NBCUniversal will deliver the Games through 2032 as part of an agreement worth $7.65 billion overall. The company had already committed through the 2020 Summer Games in Tokyo.
Additionally, NBC will pay $100 million between 2015 and 2020 "for the promotion of Olympism and the Olympic values between 2015 and 2020," according to a release
The figure shatters the previous record for an Olympic broadcast deal, which was set the last time the two sides negotiated. In 2011, the IOC and NBC agreed to a $4.38 billion contract for the 2014 to 2020 Games.
While the prior deal saw the IOC receive an average of $1.095 billion per Games, that will rise to $1.275 billion from 2021 to 2032.
The timing of the deal was a surprise as the two sides came to terms without word of negotiations reaching the media.
"It’s an expression of the excellent partnership that we can rely on each other," said Bach on a conference call from Lausanne.
The subject of an extension was first broached when Bach was in New York for the United Nations General Assembly in November. The IOC president, accompanied by director general Christophe De Kepper and marketing head Timo Lumme, raised the possibility of lengthening their existing deal while at dinner with NBC executives.
NBC indicated interest, and talks gained steam during the Sochi Games. The final agreement was reached on Wednesday.
"We started this negotiation again in the same small circle, so there was no leak on the side of the IOC and there was obviously no leak on the side of NBC," Bach said.
NBC has carried the Summer Games since 1988 and added the Winter Games in 2002. Bach says the broadcaster has done so "in a way the Olympic spirit requires."
"This kind of deal is not only about money," said Bach when asked why the right were not put up for bid. "You can make one or the other dollar more, and afterwards you wind up with your product destroyed.
"We are thinking long term in the IOC."
The new deal could be a boost to U.S. chances of hosting Olympic Games in the next decade or so. NBC says it makes no difference where the games are held.

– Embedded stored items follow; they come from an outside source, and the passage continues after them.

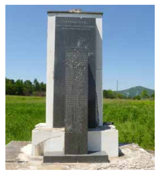
Figure 2. Damaged monument in Barlet, near Gospić

* An example of a typical local monument dedicated to fallen Partisans and civilian victims. The inscriptions read "We must protect the brotherhood and unity for which the fighters from this heroic village gave their lives" and "We must never forget the fallen fighters and what they did for the new socialist Yugoslavia."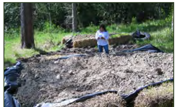
Onsite land farming treatment of heavy oil/SVOC contaminated soil.

In FY2013, TRP staff performed preliminary site inspections on eight Tribal properties and recommended lead and asbestos testing of older buildings on two of those properties. When the results came back positive for asbestos, institutional controls were put into place on one of the buildings and the other building was demolished and hauled to a facility that accepts asbestos. These two properties will be re-developed for Tribal housing. During one of the preliminary site inspections, an empty 500-gallon above-ground storage tank (AST) was discovered. The Tribe hired an environmental contractor to perform a Phase II Environmental Site Assessment. When the soil in the area of the AST was sampled, high levels of heavy oil and semi-volatile organic compounds (SVOCs), which exceeded MTCA Method A and Method B cleanup levels, were found. The area was sampled for the lateral and vertical extend of the contamination. Approximately 20 cubic yards of contaminated soil was removed from the subsurface and placed in two berms and treated onsite for three months using land farming techniques. When the soil was re-tested it was found to be free of contamination. The property on which this cleanup was performed is slated to be re-developed as the site of the Tribe’s Membrane Bioreactor plant.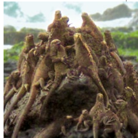
Left: The islands of Santa Cruz (left) and Baltra (right) in the Galápagos. Above: Marine iguanas hold fast to a rock in Tortuga Bay, Santa Cruz.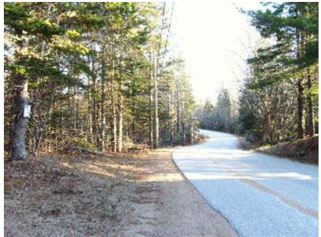
Property on Left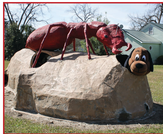
Georgie the Georgia Grown Mascot plays hide-and-seek in a fire ant mound at the annual Fire Ant Festival in Ashburn.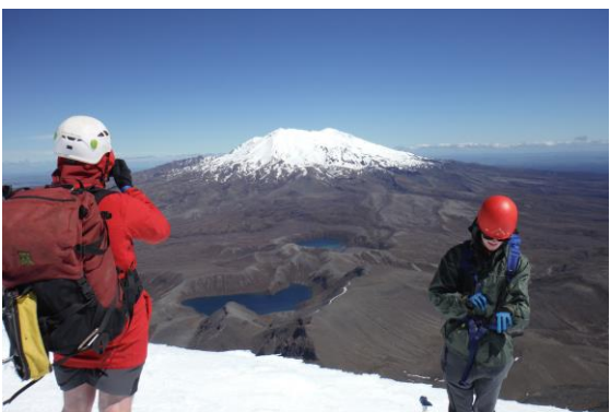
Ruapehu without plume of erupting ash.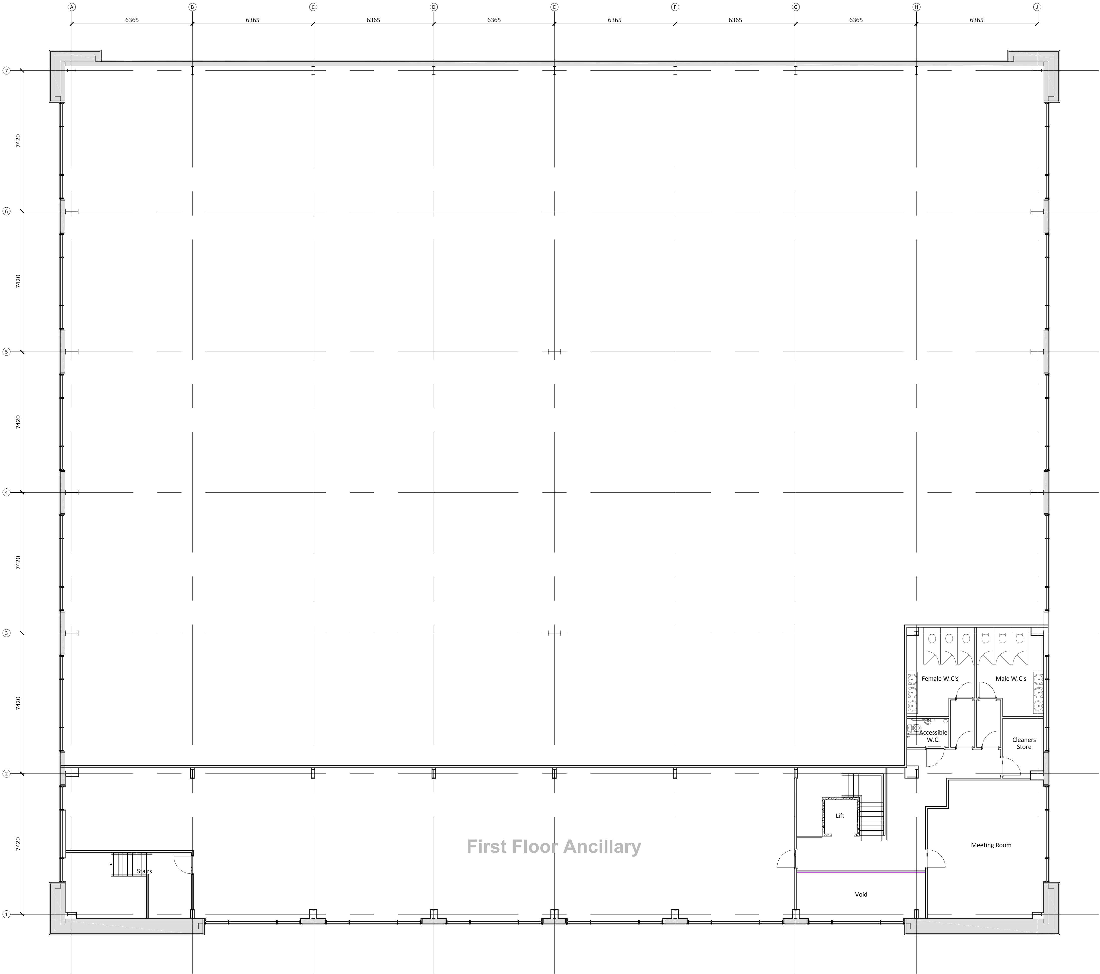
Unit 3 First Floor Plan FFL +0.000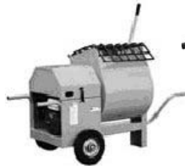
Type A horizontal shaft mortar mixer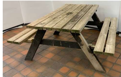
179. M - WOODEN GARDEN PICNIC BENCH/TABLE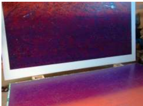
11. Check Zec look presentable again.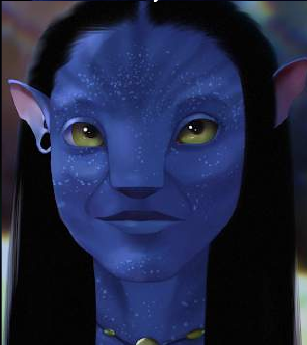
Co-Founder and Blockchain Developer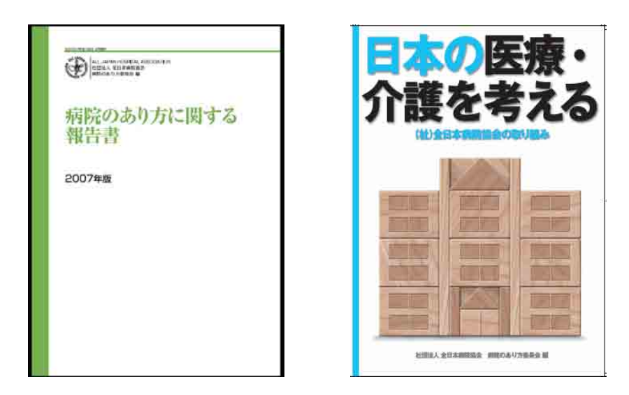
Figure 2: "What hospitals ought to be-Report of the Committee on the Future of Hospitals, 2007" (left) and "On medical care and long-term care in Japan-A message from the AJHA Committee on the Future of Hospitals to the Japanese people, 2008" (right)

The Committee on the Future of Hospitals is composed of the chairpersons of all committees and mainly discusses how the healthcare system and hospitals in Japan ought to be. The results of these discussions are summarized every 2 years in the publication called "What hospitals ought to be- Report of the Committee on the Future of Hospitals". These reports describe the direction and activities expected of each committee in the following 2 years. In 2008 the report was rewritten and published as "On medical care and long-term care in Japan-A message from the AJHA Committee on the Future of Hospitals to the Japanese people, 2008" so that the general public had access to the information as well.

USOC chair and IOC member Larry Probst today reiterated the position that the U.S. will decide later this year whether to launch a bid for the 2024 Summer Games.
Bach called a possible U.S. bid "very much welcome" and a "very strong competitor."
The deal is all-encompassing, granting rights to broadcast via network and cable television as well as internet and mobile. It also includes the rights to the Youth Olympic Games through 2032.
The first Games under the new deal will be the 2022 Winter Olympics, an event for which the host city will not be determined until next year.
In 2032, the final year of the new deal, NBCU will have covered 23 separate Olympic Games dating back to the first Tokyo Games in 1964.